From the first line of the data through the line containing "Teléfono de Escritorio Multifuncional para", transcribe each line exactly. Pictures do not belong in the copy.

===== Data listing =====

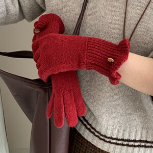 复古木耳花边针织手套25新新款高级感女士冬季保暖露指可触屏手套
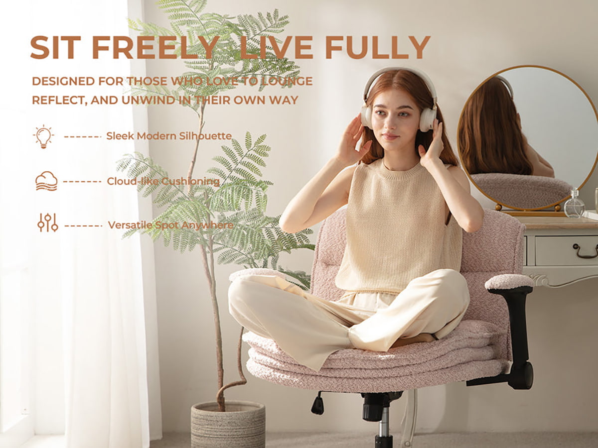 Cotierele rabatabile maximizează flexibilitatea — stați cu picioarele încrucișate, în lateral, încovoiat sau în poziție verticală cu ușurință. Acest scaun este construit pentru confort, mișcare și stil, fiind perfect potrivit pentru birouri de acasă, dormitoare și spații creative.
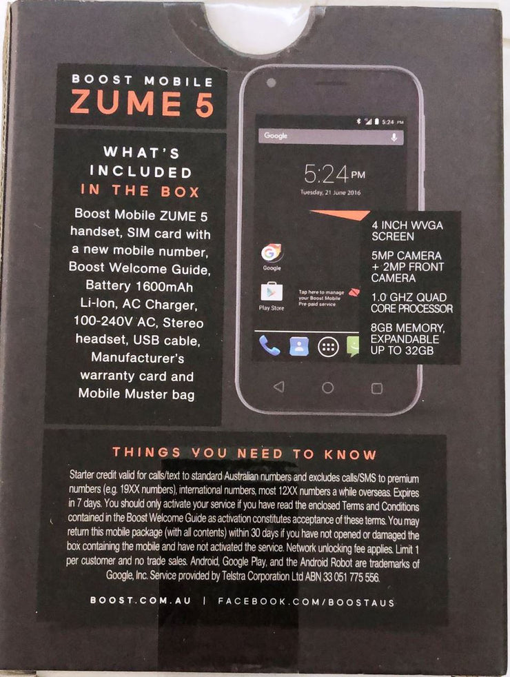 Boost Mobile ZUME 5 Smart Phone Locked to Boost & Telstra - Black features:
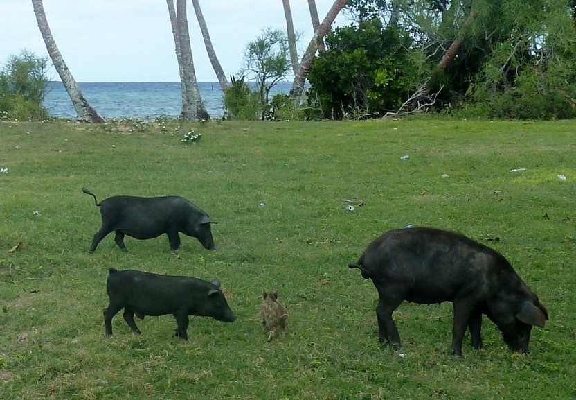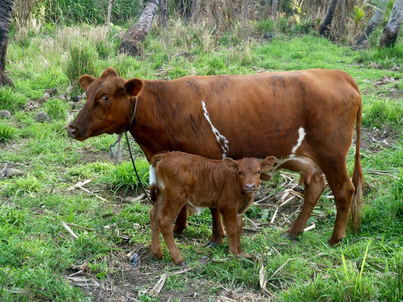 j'ai eu des problèmes avec mon appareil photo donc pas de veau en photo . Mais c'est très étonnant de voir ces vaches en liberté dans une île dans le pacifique loin d'une île habitée !
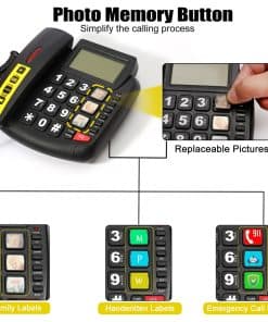 Teléfono de Escritorio Multifuncional para Ancianos VDTG, con Pantalla Grande Diseñada, Luces Indicadoras, Botones, Equipado con Teléfonos con Cable como Sintonizador, Manos Libres, Marcado de Fotos, etc. Este teléfono de escritorio VDTG es la solución perfecta para personas mayores que buscan un teléfono que sea fácil de usar y accesible. Con características como botones grandes y pantalla grande, este teléfono es ideal para aquellos con problemas de visión o audición. Además, el teléfono cuenta con funciones como marcado rápido personalizado con fotos, ajustes de volumen múltiples y protección de números de teléfono en caso de cortes de energía. La función de manos libres del teléfono permite realizar y recibir llamadas sin la necesidad de sostener el auricular, lo que hace que sea más fácil participar en conversaciones y mantenerse conectado con la familia y amigos. Con el teléfono de escritorio multifuncional VDTG, la comunicación será más sencilla y cómoda que nunca.
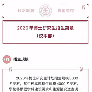 近日,上海交通大学发布2026年博士研究生招生简章,简章显示2026年博士研究生计划招生规模5000名左右,其中校本部招生规模4000名左右。学校将根据学科建设需求和生源情况适当调整,最终招生规模以教育部正式下达的招生计划为准。
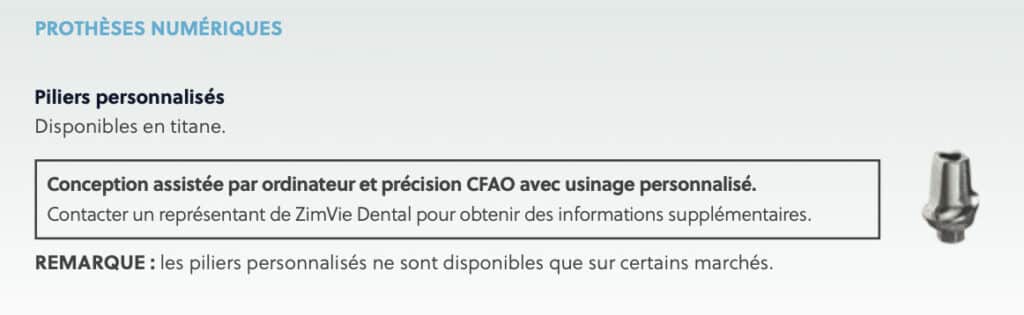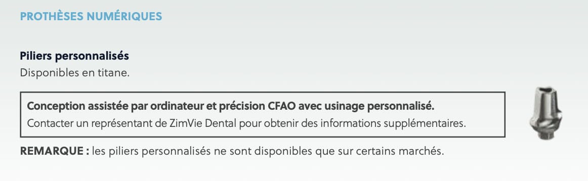 La société ZimVie nous rend attentifs au fait que la mise en place de ce type de pilier fait perdre la garantie du travail prothétique par son centre d’usinage ZfX de même que la garantie sur l’implant.
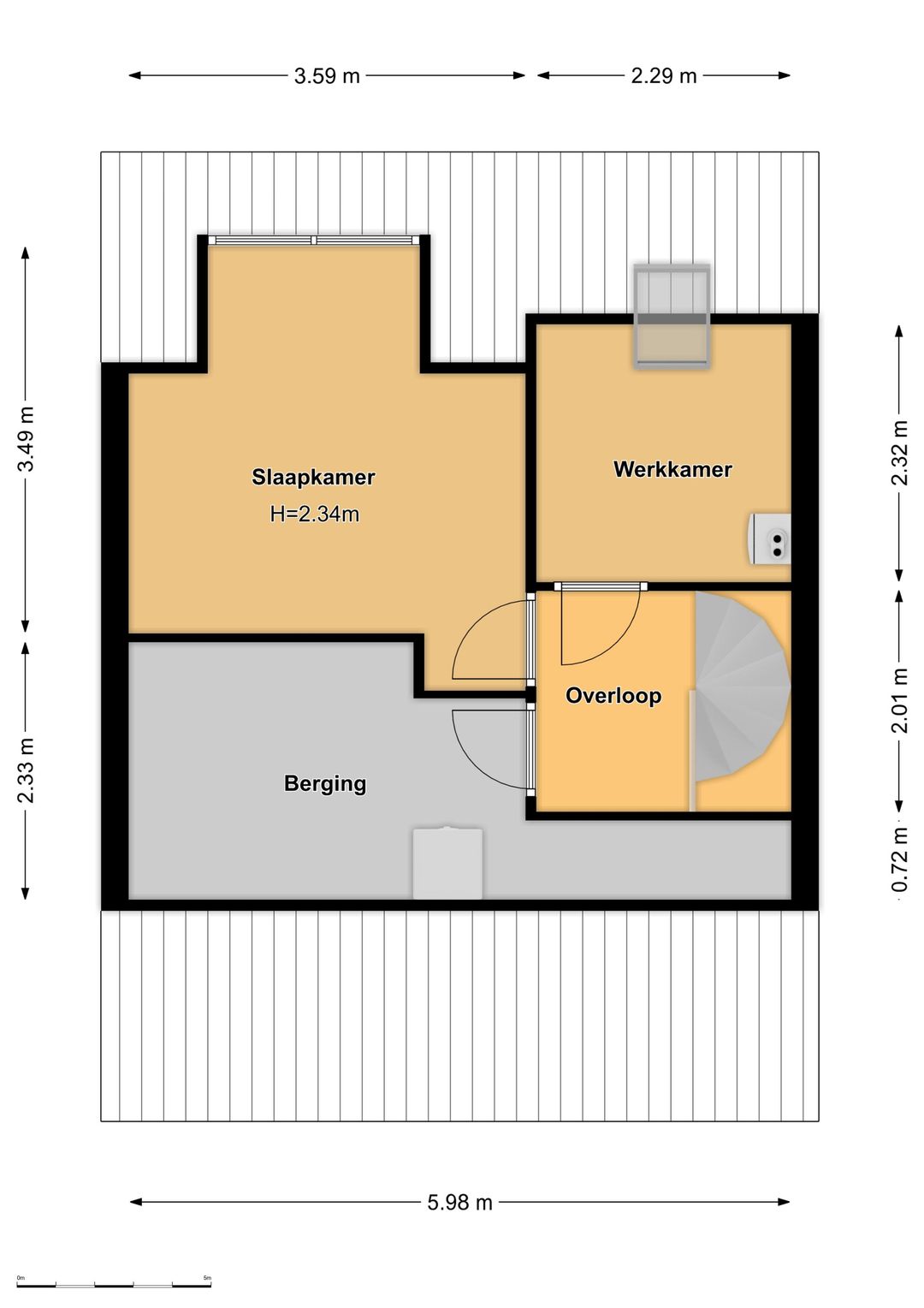 Op de tweede verdieping treft u de vierde slaapkamer. Deze kamer is vergroot middels een dakkapel. Op deze verdieping bevindt zich veel bergruimte. Het is mogelijk hier een vijfde slaap/werkkamer te creëren.

=====

=== Task response ===
 复古木耳花边针织手套25新新款高级感女士冬季保暖露指可触屏手套
 Cotierele rabatabile maximizează flexibilitatea — stați cu picioarele încrucișate, în lateral, încovoiat sau în poziție verticală cu ușurință. Acest scaun este construit pentru confort, mișcare și stil, fiind perfect potrivit pentru birouri de acasă, dormitoare și spații creative.
 Boost Mobile ZUME 5 Smart Phone Locked to Boost & Telstra - Black features:
 j'ai eu des problèmes avec mon appareil photo donc pas de veau en photo . Mais c'est très étonnant de voir ces vaches en liberté dans une île dans le pacifique loin d'une île habitée !
 Teléfono de Escritorio Multifuncional para Ancianos VDTG, con Pantalla Grande Diseñada, Luces Indicadoras, Botones, Equipado con Teléfonos con Cable como Sintonizador, Manos Libres, Marcado de Fotos, etc. Este teléfono de escritorio VDTG es la solución perfecta para personas mayores que buscan un teléfono que sea fácil de usar y accesible. Con características como botones grandes y pantalla grande, este teléfono es ideal para aquellos con problemas de visión o audición. Además, el teléfono cuenta con funciones como marcado rápido personalizado con fotos, ajustes de volumen múltiples y protección de números de teléfono en caso de cortes de energía. La función de manos libres del teléfono permite realizar y recibir llamadas sin la necesidad de sostener el auricular, lo que hace que sea más fácil participar en conversaciones y mantenerse conectado con la familia y amigos. Con el teléfono de escritorio multifuncional VDTG, la comunicación será más sencilla y cómoda que nunca.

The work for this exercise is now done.